Turbulence is a ubiquitous phenomena in our universe, from microscopic to galactic scales. However, modelling turbulent fluid flow is an open theoretical problem -- Richard Feynman once declared it "the most important unsolved problem in classical physics". The difficulty in understanding turbulence is tied to its fundamental nature as a process simultaneously involving many scales, which complicates both experiment and theory.

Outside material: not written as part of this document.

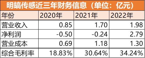 據(jù)了解,明皜傳感主要從事MEMS傳感器研發(fā)、設(shè)計和銷售的芯片設(shè)計。其招股書顯示2020年、2021年及2022年財務(wù)信息如下(注:訂正2022年凈利潤為0.28):

This project aims to investigate turbulence in a highly-controlled environment -- a superfluid formed in an ultra-cold atomic gas -- which can be accurately modelled by a range of numerical and analytical techniques. Specifically, the aims of this project are two fold:

1. The first aim is to build a numerical and analytical toolbox for modelling turbulence in two-dimensional superfluids formed from a dilute atomic gas cooled close to absolute zero. These models can be derived from the microscopic theory of ultra-cold atoms, which allows us to make quantitative predictions for realistic experimental settings.
2. The second aim is to apply these theoretical tools to study the transfer of energy across scales in a turbulent atomic superfluid, subject to external driving and damping. Energy transport across scales is tied to the fundamental nature of turbulence, and this project will aim to deepen our understanding of energy transport in turbulent superfluids.

The work will involve performing detailed numerical simulations of atomic superfluids subject to external forces, and can be extended to include comparison to simple analytic models.

• Many-body quantum mechanics (specifically, Bose-Einstein condensation) would be useful
• This project will require numerical modelling